SUPPLIED DATA:
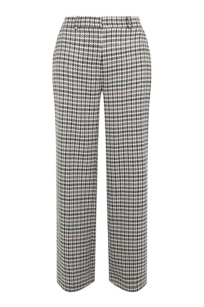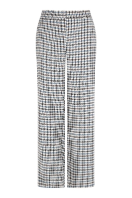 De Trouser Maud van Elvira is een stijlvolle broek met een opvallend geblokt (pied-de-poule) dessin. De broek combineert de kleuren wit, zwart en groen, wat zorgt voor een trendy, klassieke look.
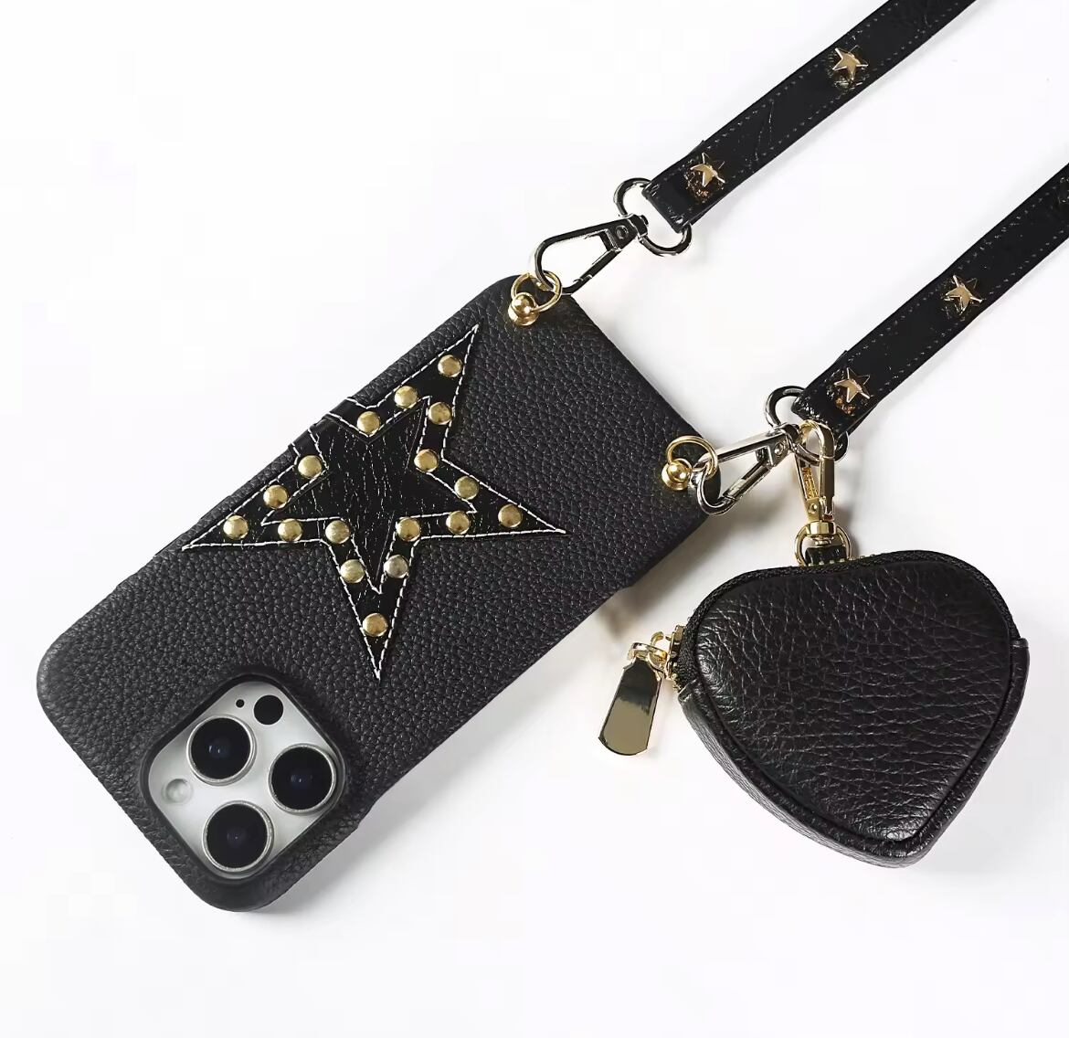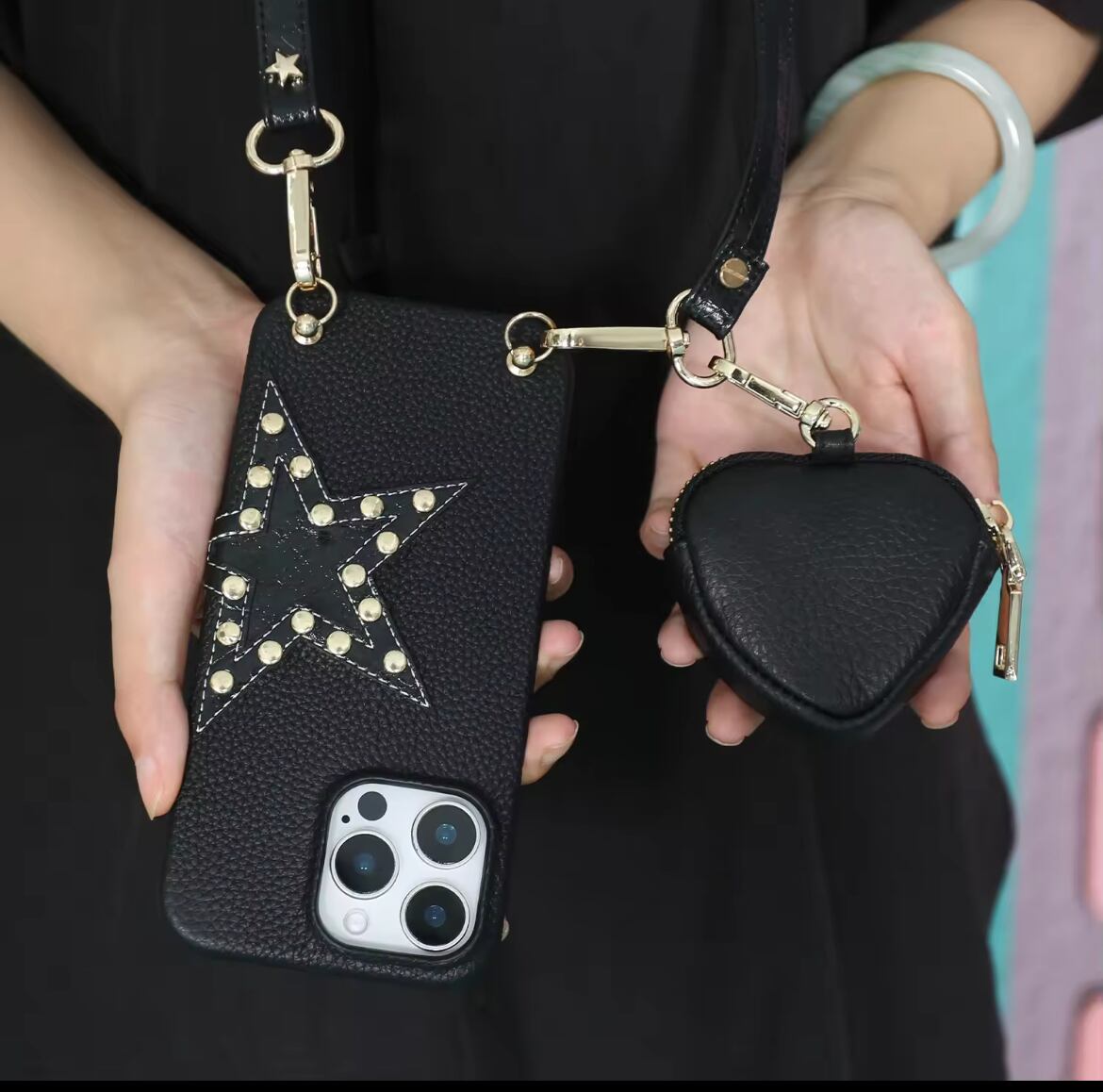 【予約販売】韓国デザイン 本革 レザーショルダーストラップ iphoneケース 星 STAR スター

---

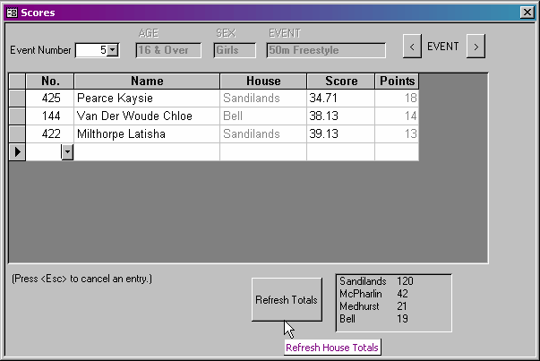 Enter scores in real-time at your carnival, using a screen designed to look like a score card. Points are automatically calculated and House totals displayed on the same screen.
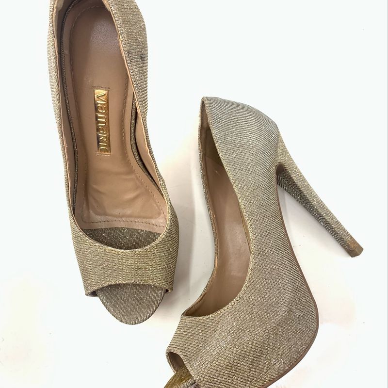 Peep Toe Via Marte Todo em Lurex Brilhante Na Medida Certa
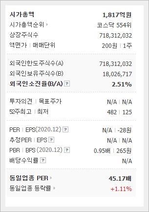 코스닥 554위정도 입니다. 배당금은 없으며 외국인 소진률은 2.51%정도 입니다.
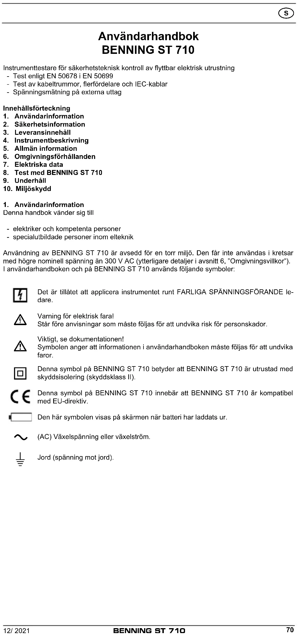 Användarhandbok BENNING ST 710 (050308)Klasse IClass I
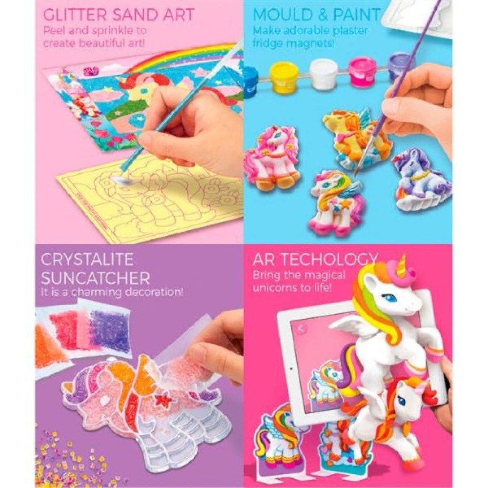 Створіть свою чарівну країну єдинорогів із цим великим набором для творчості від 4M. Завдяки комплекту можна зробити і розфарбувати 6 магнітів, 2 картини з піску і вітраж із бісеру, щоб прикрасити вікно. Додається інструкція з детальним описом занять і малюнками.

...

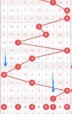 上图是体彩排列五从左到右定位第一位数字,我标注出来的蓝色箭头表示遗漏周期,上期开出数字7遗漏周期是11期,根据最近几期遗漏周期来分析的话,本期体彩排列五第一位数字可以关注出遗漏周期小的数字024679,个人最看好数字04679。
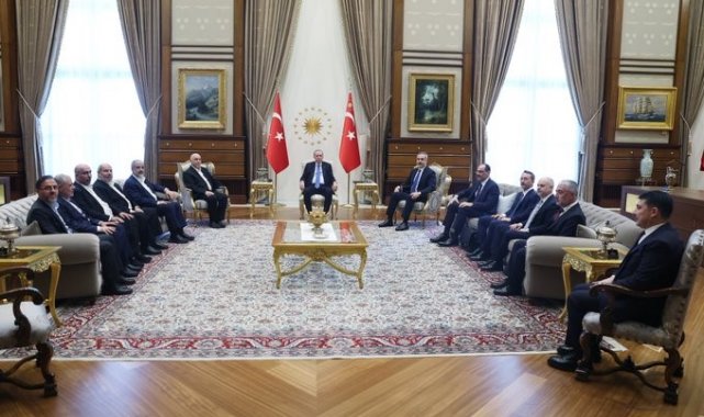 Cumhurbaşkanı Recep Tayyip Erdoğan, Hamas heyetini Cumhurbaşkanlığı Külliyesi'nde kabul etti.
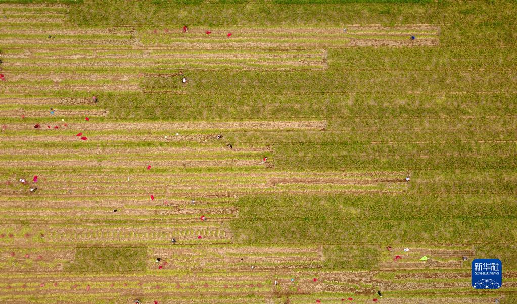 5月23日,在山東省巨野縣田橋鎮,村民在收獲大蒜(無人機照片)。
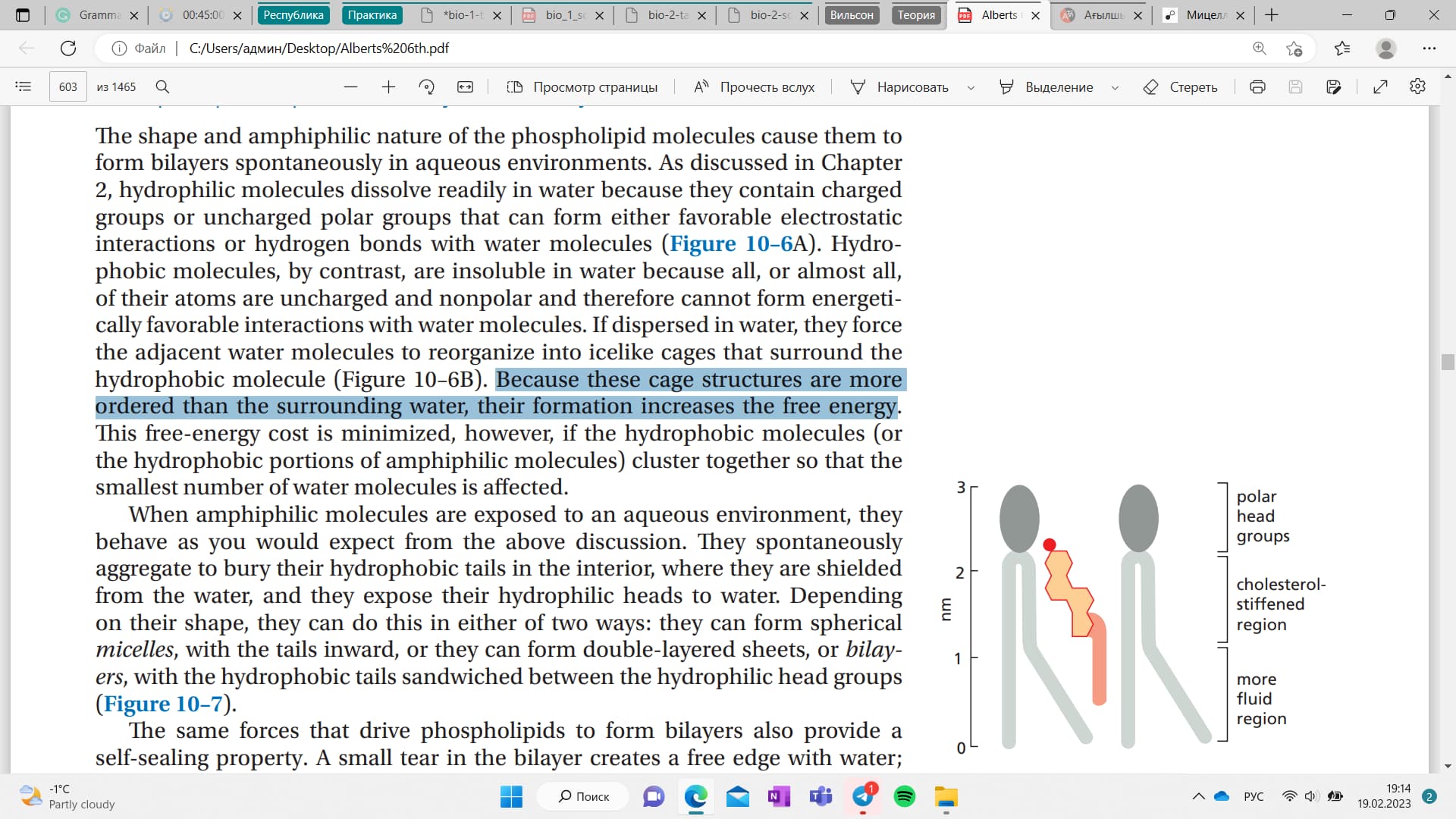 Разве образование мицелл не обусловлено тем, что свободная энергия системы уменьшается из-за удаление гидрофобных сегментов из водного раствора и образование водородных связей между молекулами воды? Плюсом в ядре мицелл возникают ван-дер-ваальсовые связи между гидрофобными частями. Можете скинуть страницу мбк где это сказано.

TASK: Starting with the line above that holds "5月23日,在山東省巨野縣田橋鎮,村民在收獲大蒜(無人機照片)。", restate each line word for word up to and including the line that holds "Разве образование мицелл". Drop the pictures.

REPLY:
 5月23日,在山東省巨野縣田橋鎮,村民在收獲大蒜(無人機照片)。
 Разве образование мицелл не обусловлено тем, что свободная энергия системы уменьшается из-за удаление гидрофобных сегментов из водного раствора и образование водородных связей между молекулами воды? Плюсом в ядре мицелл возникают ван-дер-ваальсовые связи между гидрофобными частями. Можете скинуть страницу мбк где это сказано.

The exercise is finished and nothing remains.